The "Why are these here?" Tier:

  • Toad Circuit: It’s fine for a first-ever race, but it’s basically a glorified rectangle.
  • Sky-High Sundae: It’s a polarizing one. Some love the physics; others find the "everything is a platform" design a bit floaty and confusing.
  • Mario Circuit 3: It’s a classic SNES layout, but in a world of anti-gravity and gliding, it feels a bit... flat.

Why 200cc Changes Everything

The tracks you love on 150cc might become your worst nightmare on 200cc. Take Dragon Driftway. On 150cc, it's a technical, twisty fun time.
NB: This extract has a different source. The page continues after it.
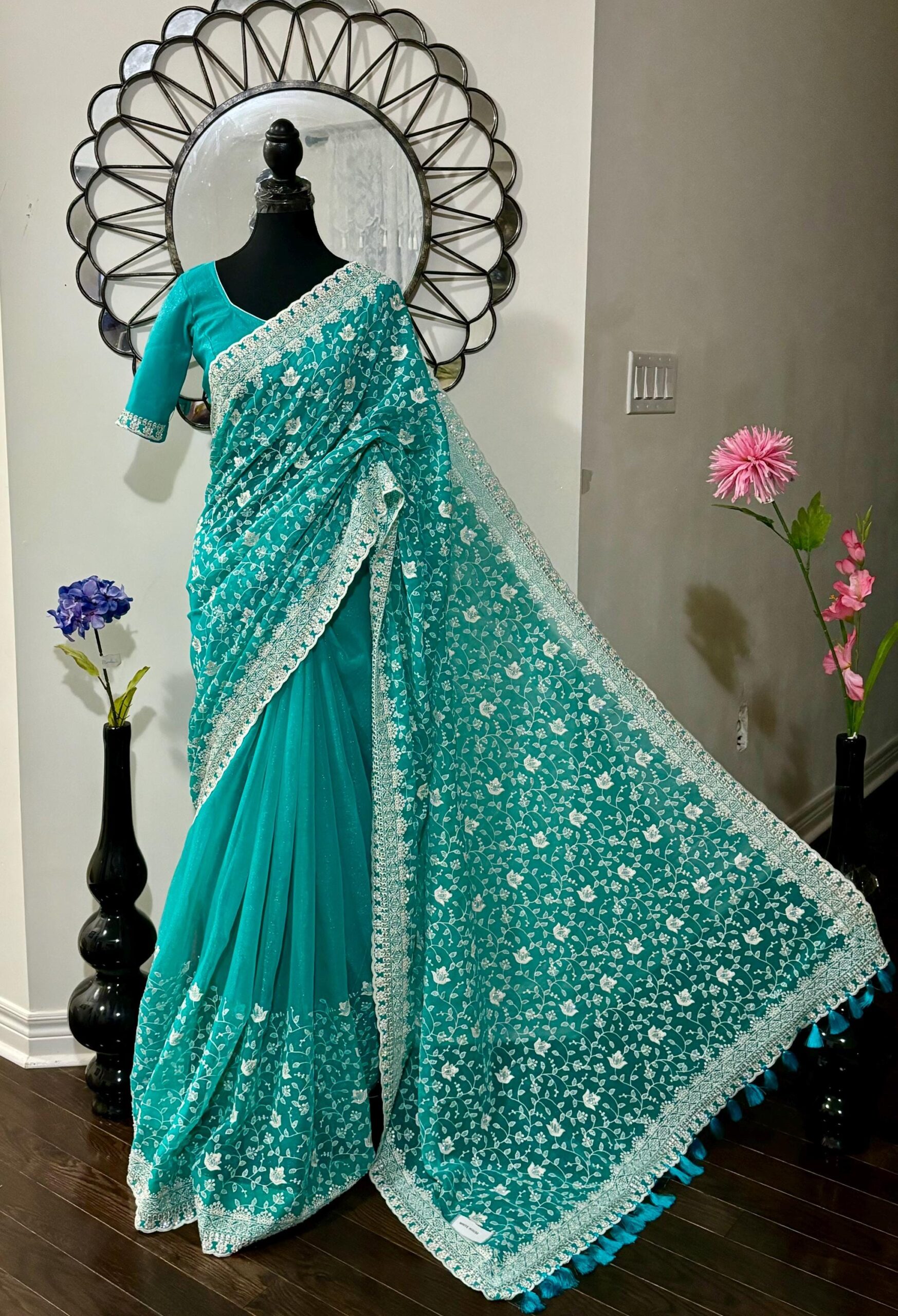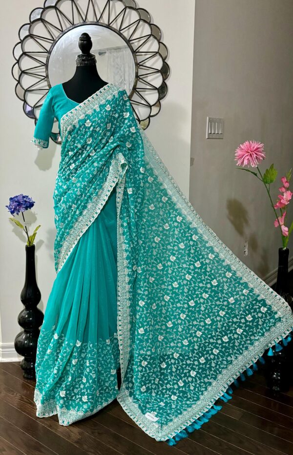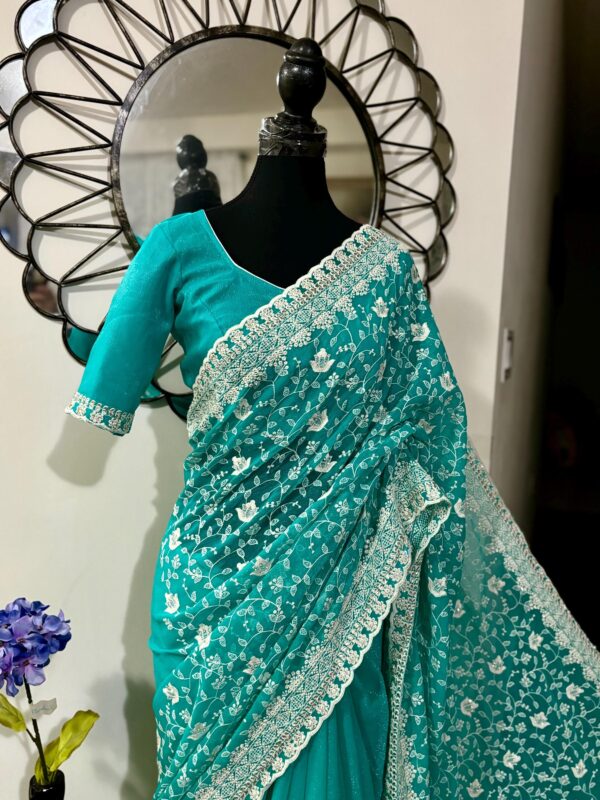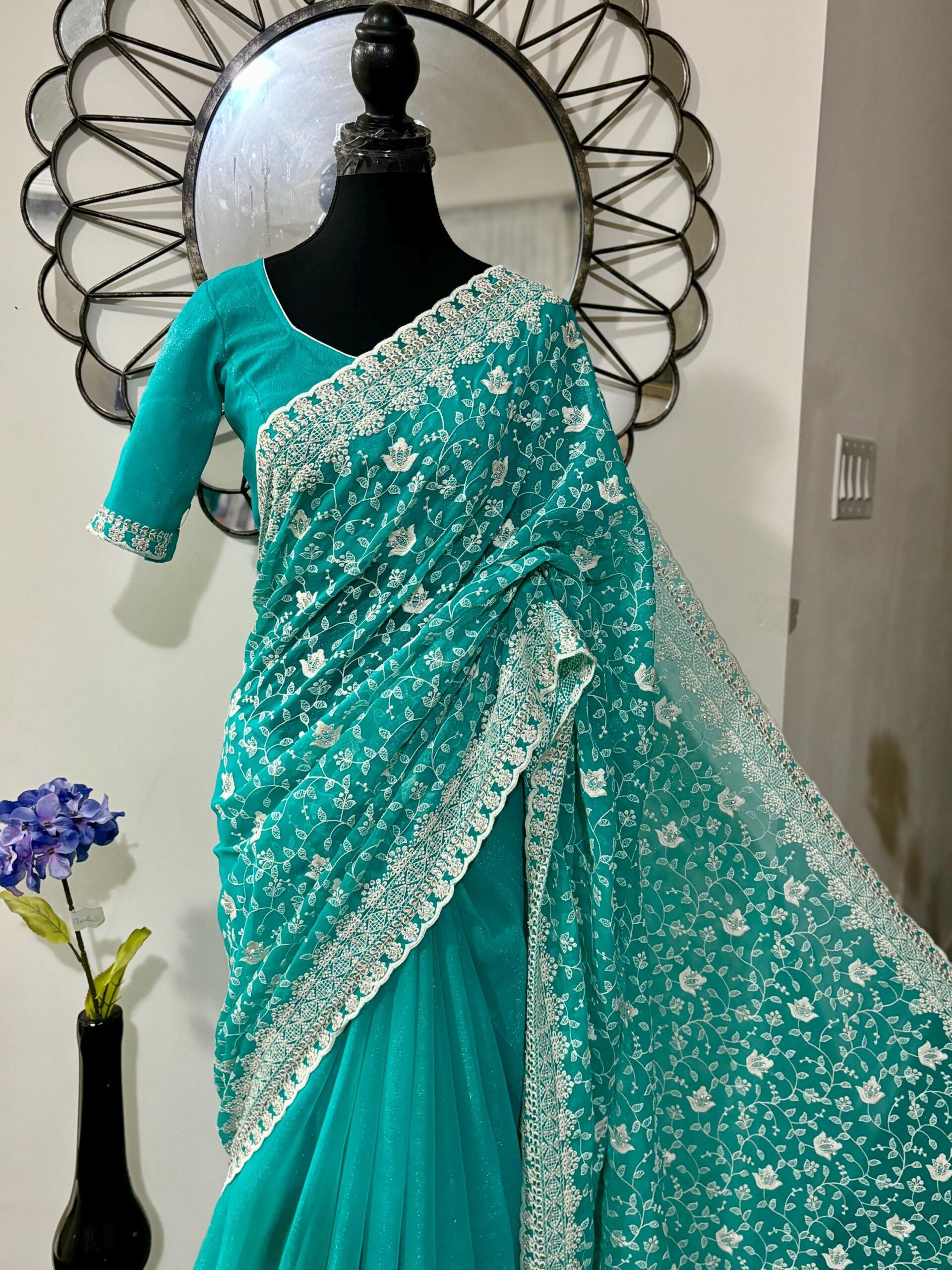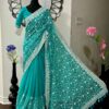 🙏🥳 New Collection 🙏Beautiful shimmer georgette handloom georgette silk saree all over beautiful pearl and thread weaving and beautiful boarder ready blouse
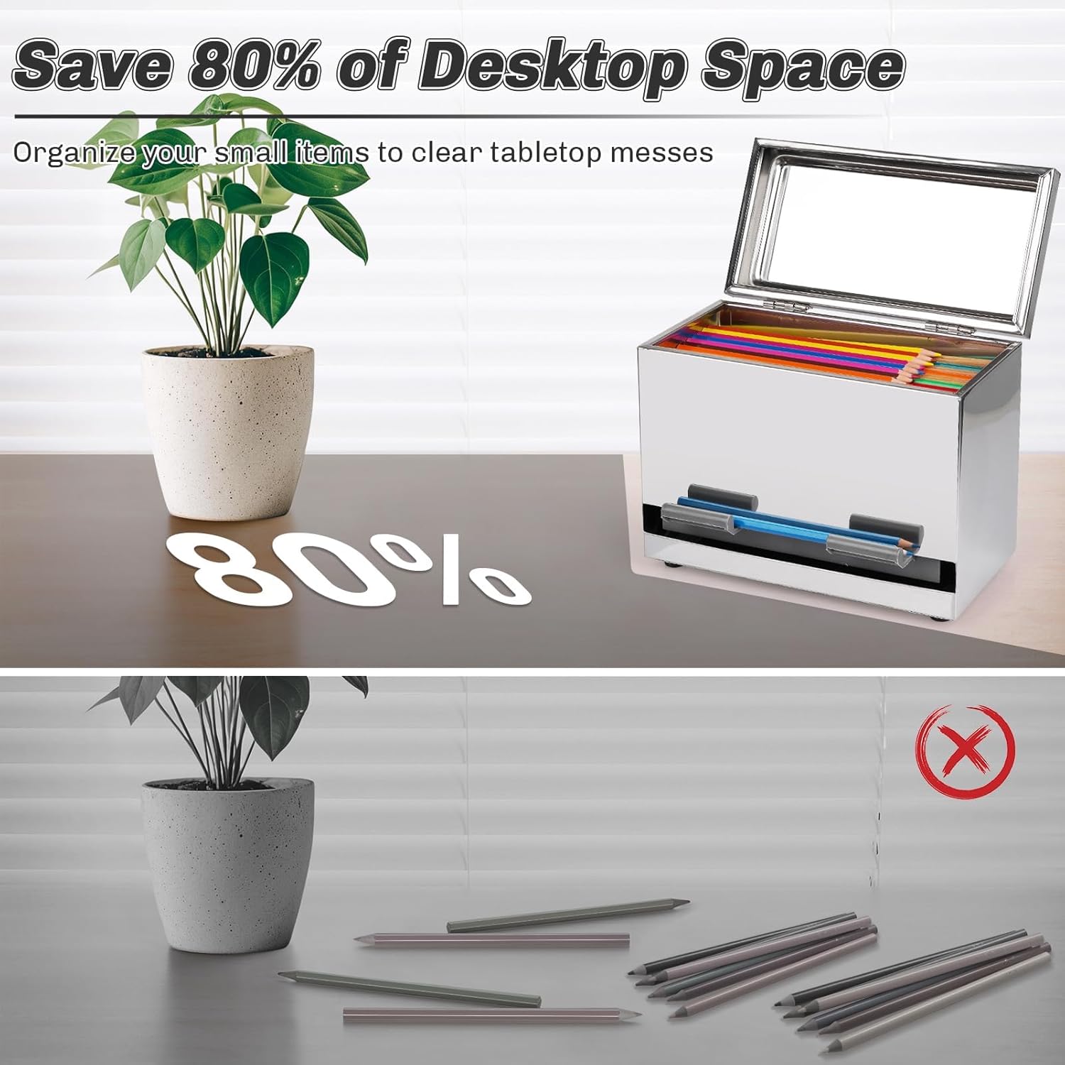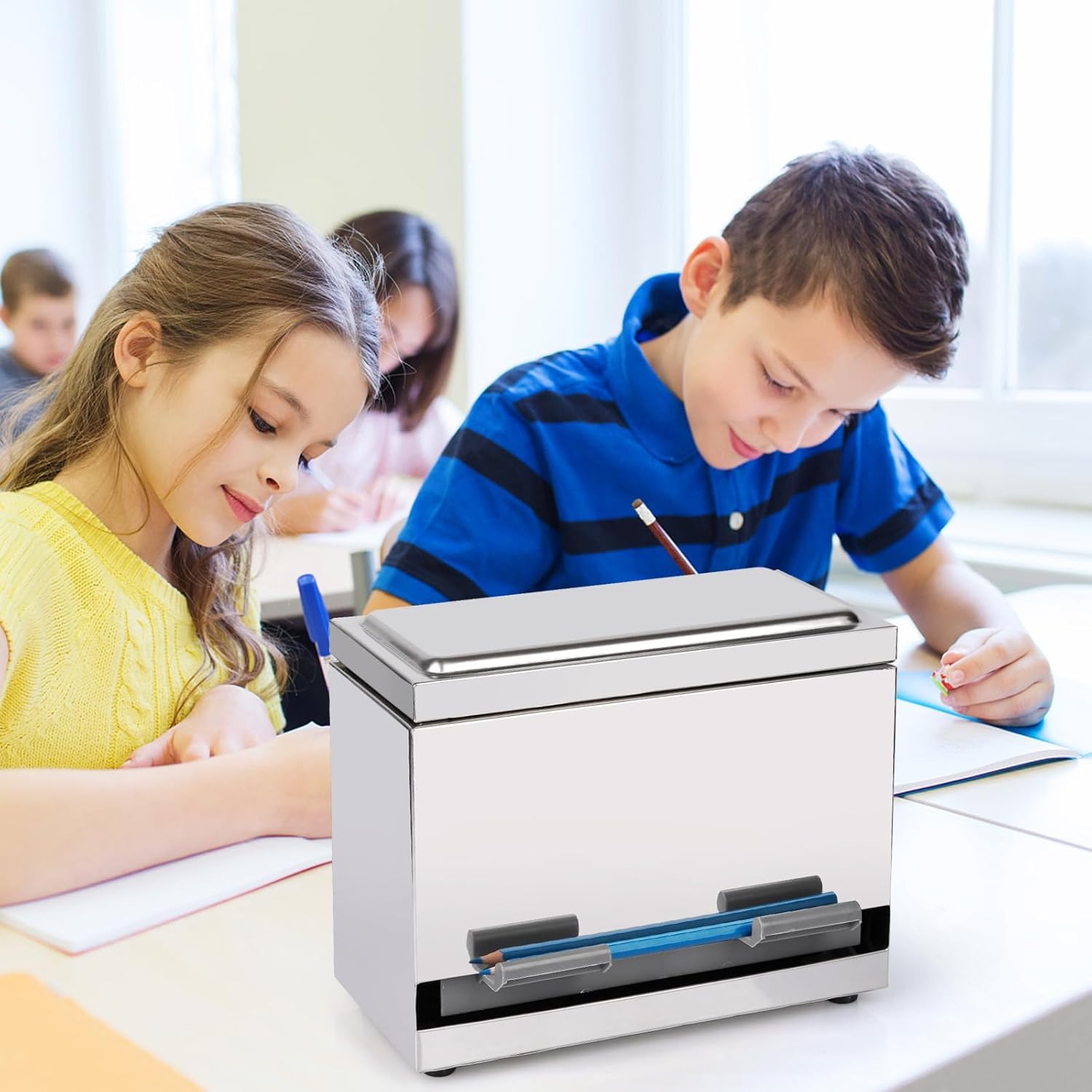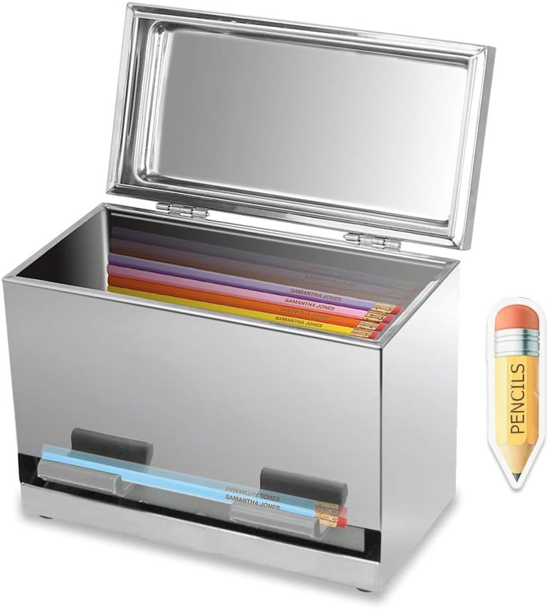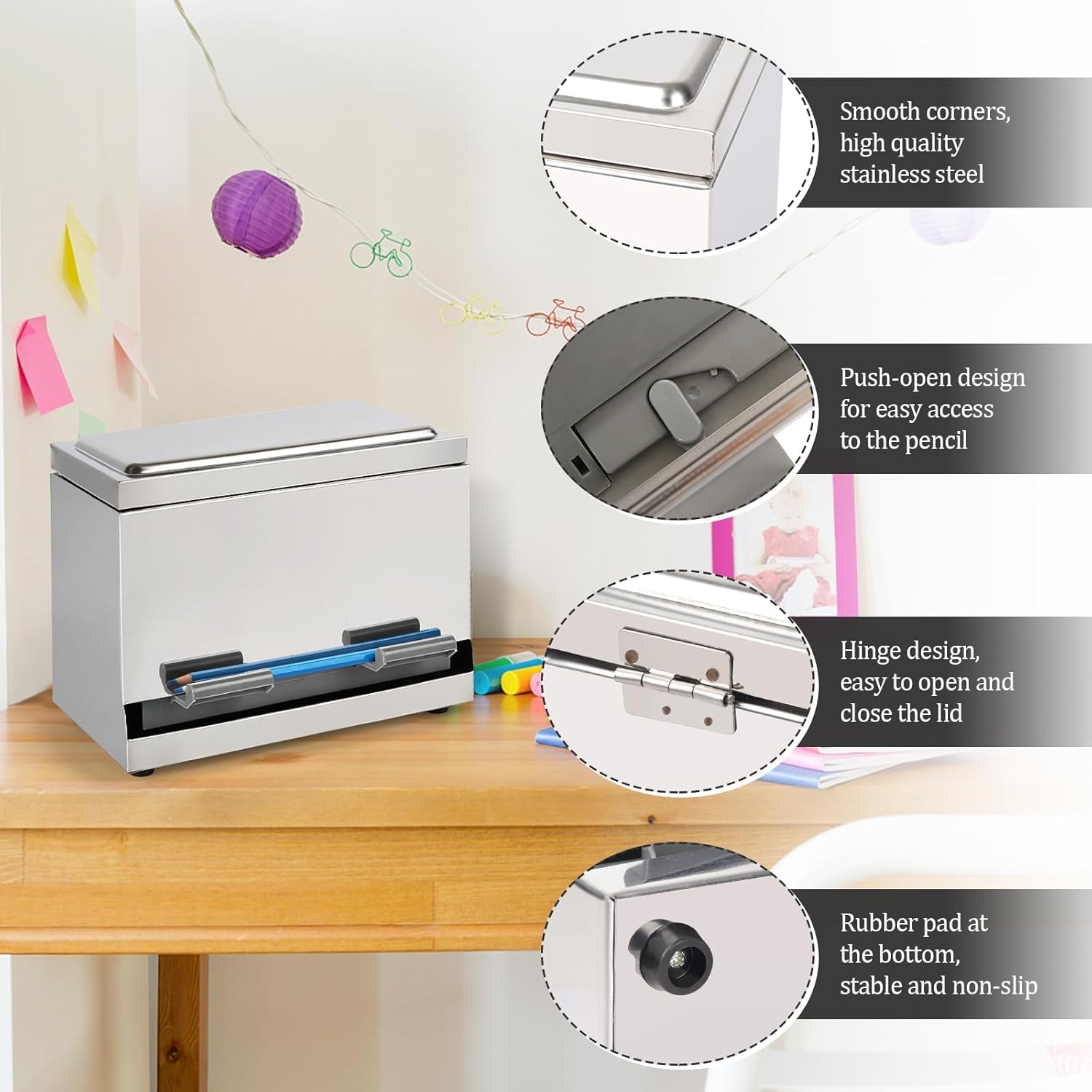 Stainless Steel Pencil Dispenser/Pen Holder for Classroom Home Restaurant for Bulk Pencils Storage/Unwrapped Drinking Straws Storage (Silver)

On 200cc, it feels like trying to thread a needle while riding a rocket ship.

If you’re looking to master all Mario Kart 8 Deluxe tracks, you have to learn "brake drifting." It’s the only way to survive the tighter corners of the DLC tracks, which often weren't originally designed for the sheer speed the Switch version allows.

The Rainbow Road Gauntlet

There isn't just one Rainbow Road. There are five.

  1. SNES Rainbow Road (Short, flat, deadly edges)
  2. N64 Rainbow Road (The beautiful, starry one-lap wonder)
  3. 3DS Rainbow Road (Lunar driving and planet hopping)
  4. Wii Rainbow Road (The absolute chaos bringer from the Wii era)
  5. Wii U/Deluxe Rainbow Road (The space-station themed one)

Each one requires a totally different strategy. The Wii version is notoriously difficult because of its lack of guardrails, while the N64 version is more of a victory lap.

Getting Better at the 96

If you want to actually win consistently, stop just looking at the road. Look at the shortcuts. Many of the newer tracks have "off-road" paths that are only viable if you have a Mushroom.

On Mushroom Gorge, you can skip entire sections by bouncing off the right fungi. In Cheese Land, there are massive ramps hidden in the craters that can catapult you from 5th to 1st in seconds.

The beauty of having this many tracks is that there’s always something new to find. Even after years, you might notice a small detail—like the way the music underwater becomes muffled, or how the Inklings in Animal Crossing change based on the season of the track.

Your next move: Fire up Time Trials on one of the City tracks like Sydney Sprint. Since the laps change, learning the exact "line" for each variation is the quickest way to start beating your friends in local split-screen. Start with Lap 1, master the turns, and work your way through. Just don't blame me when the blue shell finds you on the final stretch.